Palmitos, SC – O município de Palmitos está intensificando seus esforços para fortalecer a Rede de Atenção Psicossocial (RAPS), uma estrutura crucial para oferecer suporte a indivíduos que enfrentam transtornos mentais e problemas relacionados ao uso de álcool e outras drogas. Em entrevista à OESC TV, Débora Riese, coordenadora do Centro de Atenção Psicossocial (CAPS) local, detalhou os objetivos e a composição desta rede vital.
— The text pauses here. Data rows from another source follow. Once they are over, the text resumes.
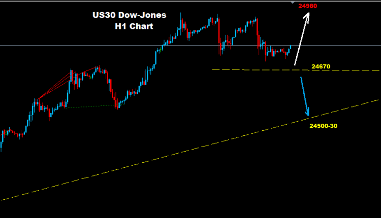 Dow managed to hold trades above second support 24670 where as long as market holding above another advance wave toward 24980 target is expected
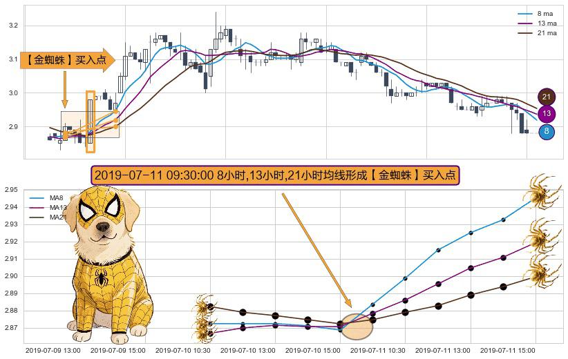 形态多维评估: ⚀ 2019-07-11 09:30:00小时显现 8小时-13小时-21小时均线 【金蜘蛛】买入点 看多信号,后市看涨,买入
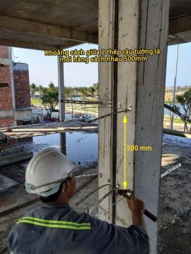 Quy định về thép râu trong xây tường là một yếu tố quan trọng giúp đảm bảo chất lượng và độ bền của công trình. Theo tiêu chuẩn, khoảng cách giữa hai thép râu được duy trì khoảng 50cm theo chiều dọc, nhằm tạo ra liên kết chắc chắn giữa cột bê tông và tường xây. Điều này giúp tường không bị lỏng lẻo, giữ cho toàn bộ cấu trúc vững vàng.
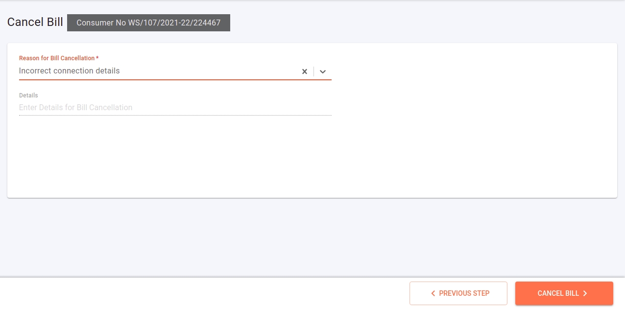 PREVIOUS STEP: Clicking on the Previous Step option redirects users to the bill details screen.

A RAPS de Palmitos é um esforço colaborativo que envolve diversas entidades locais. Inclui as Unidades Básicas de Saúde, uma equipe multiprofissional (eMulti) que apoia a Estratégia de Saúde da Família, o próprio CAPS, a Secretaria de Assistência Social (CRAS e CREAS), o Conselho Tutelar, as unidades de emergência e saúde mental do hospital local e serviços de emergência como o SAMU e o Corpo de Bombeiros. De forma significativa, a rede também abrange o Ministério Público e a Polícia Militar, que desempenham um papel protetivo, especialmente em situações de crise. As secretarias de educação municipal e estadual também são parceiras integrais, abordando o número crescente de estudantes com necessidades de saúde mental.
Riese explicou que um dos principais objetivos da rede é garantir cuidado contínuo e adequado em saúde mental. “Essa rede existe para garantir os direitos das pessoas com transtornos mentais e daquelas afetadas pelo álcool e outras drogas. É uma rede de proteção para que possamos sentar, conversar e organizar o trabalho de todos os setores do município”, afirmou.
Uma reunião recente dos integrantes da rede focou no desenvolvimento de estratégias para lidar com situações complexas, como o suporte à população em situação de rua e o fortalecimento de famílias fragilizadas que lidam com questões de saúde mental. Riese enfatizou a importância de uma abordagem holística. “Entendemos que precisamos dar um destino para essa pessoa. Precisamos oferecer tratamento”, afirmou, destacando a necessidade de uma assistência proativa e integrada, em vez de intervenções fragmentadas.
A rede também está priorizando o desenvolvimento profissional através da capacitação de profissionais da saúde и da educação para melhor identificar e manejar questões de saúde mental, particularmente entre crianças e adolescentes. O objetivo é ir além do mero diagnóstico e da medicação, focando em compreender as circunstâncias individuais de cada criança e evitando a medicalização excessiva de comportamentos naturais da infância.
“Queremos que as crianças sejam vistas de forma individualizada. Temos que entender que criança é criança”, comentou Riese, ressaltando a necessidade de uma abordagem sutil e de apoio.
Os planos futuros para a RAPS de Palmitos incluem um projeto de supervisão clínico-institucional que, se aprovado, trará um especialista ao município para capacitar ainda mais a rede local. Esta iniciativa faz parte de uma estratégia mais ampla para criar um sistema de cuidado mais coeso e eficaz, garantindo que indivíduos com transtornos mentais e por uso de substâncias recebam o suporte integral de que necessitam para levar vidas mais saudáveis.